## The data
:::

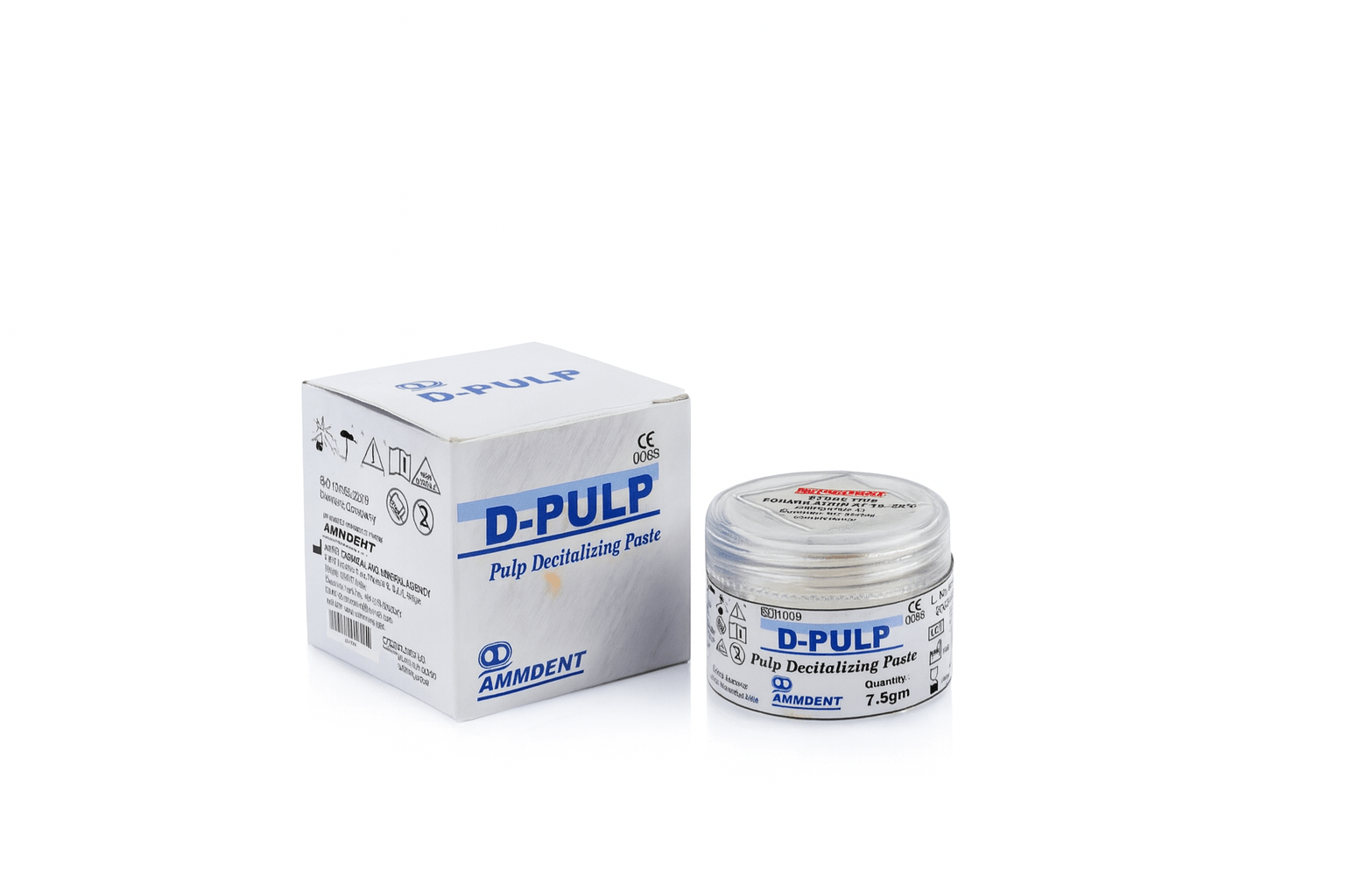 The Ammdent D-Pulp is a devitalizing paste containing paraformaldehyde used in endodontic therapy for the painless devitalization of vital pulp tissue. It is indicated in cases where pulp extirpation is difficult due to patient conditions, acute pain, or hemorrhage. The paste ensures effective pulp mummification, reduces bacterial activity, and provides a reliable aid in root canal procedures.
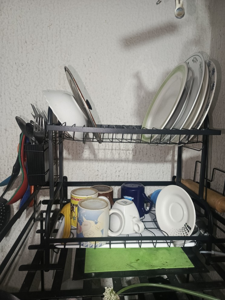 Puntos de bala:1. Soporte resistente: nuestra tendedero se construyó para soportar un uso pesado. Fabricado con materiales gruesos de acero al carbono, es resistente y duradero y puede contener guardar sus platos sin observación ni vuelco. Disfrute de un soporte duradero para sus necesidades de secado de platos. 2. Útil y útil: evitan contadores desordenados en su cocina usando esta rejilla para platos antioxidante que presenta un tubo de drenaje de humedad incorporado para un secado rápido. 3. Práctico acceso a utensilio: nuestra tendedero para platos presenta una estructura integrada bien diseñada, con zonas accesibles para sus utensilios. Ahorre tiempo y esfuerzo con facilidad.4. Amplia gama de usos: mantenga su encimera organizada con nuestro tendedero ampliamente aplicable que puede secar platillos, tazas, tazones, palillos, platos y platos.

:::

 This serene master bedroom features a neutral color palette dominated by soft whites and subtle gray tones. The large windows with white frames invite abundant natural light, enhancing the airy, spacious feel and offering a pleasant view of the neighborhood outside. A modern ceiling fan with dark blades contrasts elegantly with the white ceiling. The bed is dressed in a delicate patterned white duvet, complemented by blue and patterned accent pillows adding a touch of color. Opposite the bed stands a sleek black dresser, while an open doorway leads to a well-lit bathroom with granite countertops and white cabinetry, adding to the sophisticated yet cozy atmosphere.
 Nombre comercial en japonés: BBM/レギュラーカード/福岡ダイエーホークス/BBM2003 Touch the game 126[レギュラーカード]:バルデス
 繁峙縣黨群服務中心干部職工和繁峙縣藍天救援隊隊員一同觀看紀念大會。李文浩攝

:::

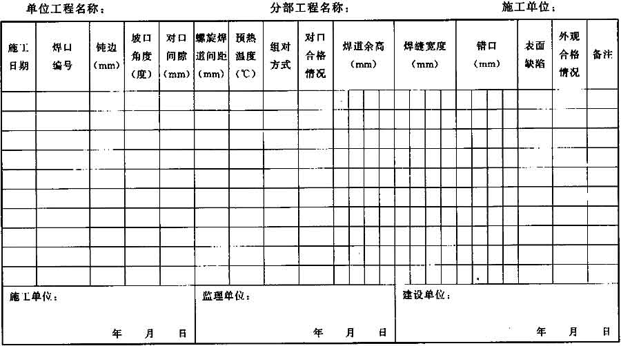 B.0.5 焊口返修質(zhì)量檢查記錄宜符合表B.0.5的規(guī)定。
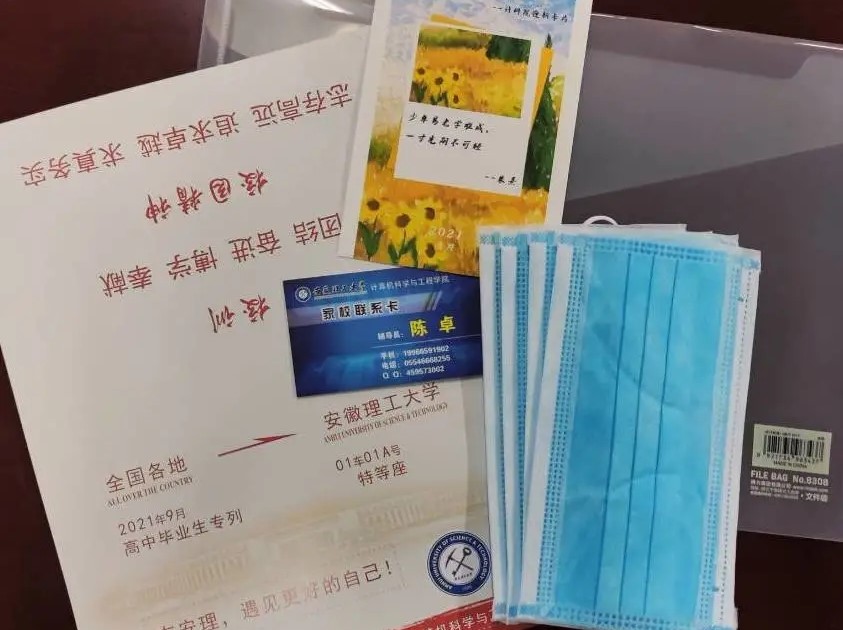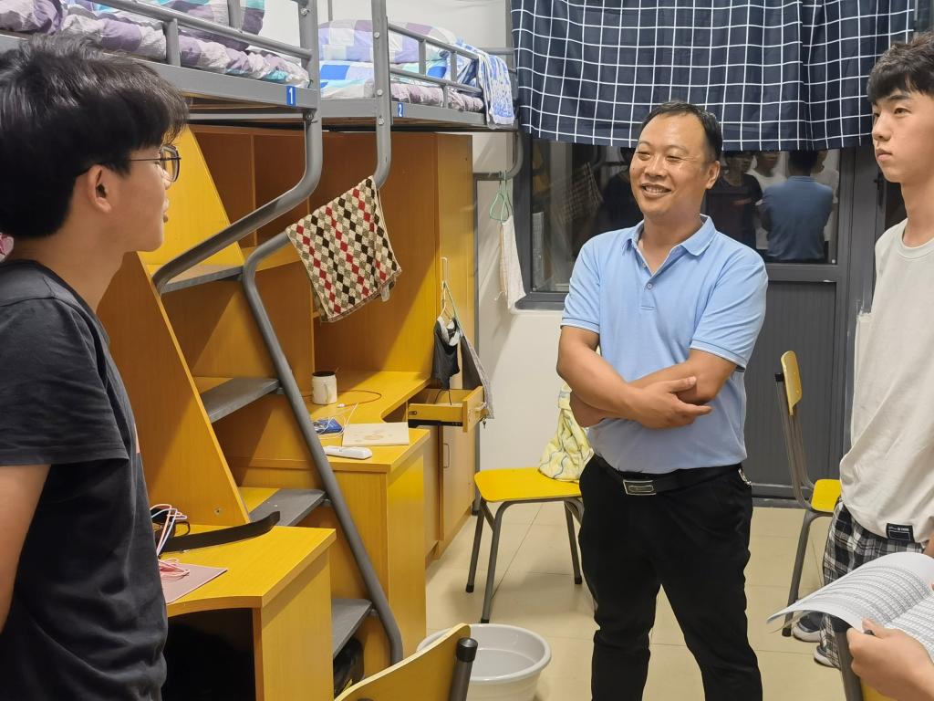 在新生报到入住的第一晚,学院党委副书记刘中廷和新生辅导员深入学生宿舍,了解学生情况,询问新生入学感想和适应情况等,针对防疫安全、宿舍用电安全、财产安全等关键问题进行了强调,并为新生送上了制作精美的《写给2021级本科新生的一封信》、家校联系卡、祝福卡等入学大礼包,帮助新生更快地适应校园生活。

:::

## What this task involves
Pictures in the entries do not go into the copy. Print only the lines starting at the one containing "The Ammdent D-Pulp" and ending at the one containing "Puntos de bala:1.", exactly as they appear.

## Written response
 The Ammdent D-Pulp is a devitalizing paste containing paraformaldehyde used in endodontic therapy for the painless devitalization of vital pulp tissue. It is indicated in cases where pulp extirpation is difficult due to patient conditions, acute pain, or hemorrhage. The paste ensures effective pulp mummification, reduces bacterial activity, and provides a reliable aid in root canal procedures.
 Puntos de bala:1. Soporte resistente: nuestra tendedero se construyó para soportar un uso pesado. Fabricado con materiales gruesos de acero al carbono, es resistente y duradero y puede contener guardar sus platos sin observación ni vuelco. Disfrute de un soporte duradero para sus necesidades de secado de platos. 2. Útil y útil: evitan contadores desordenados en su cocina usando esta rejilla para platos antioxidante que presenta un tubo de drenaje de humedad incorporado para un secado rápido. 3. Práctico acceso a utensilio: nuestra tendedero para platos presenta una estructura integrada bien diseñada, con zonas accesibles para sus utensilios. Ahorre tiempo y esfuerzo con facilidad.4. Amplia gama de usos: mantenga su encimera organizada con nuestro tendedero ampliamente aplicable que puede secar platillos, tazas, tazones, palillos, platos y platos.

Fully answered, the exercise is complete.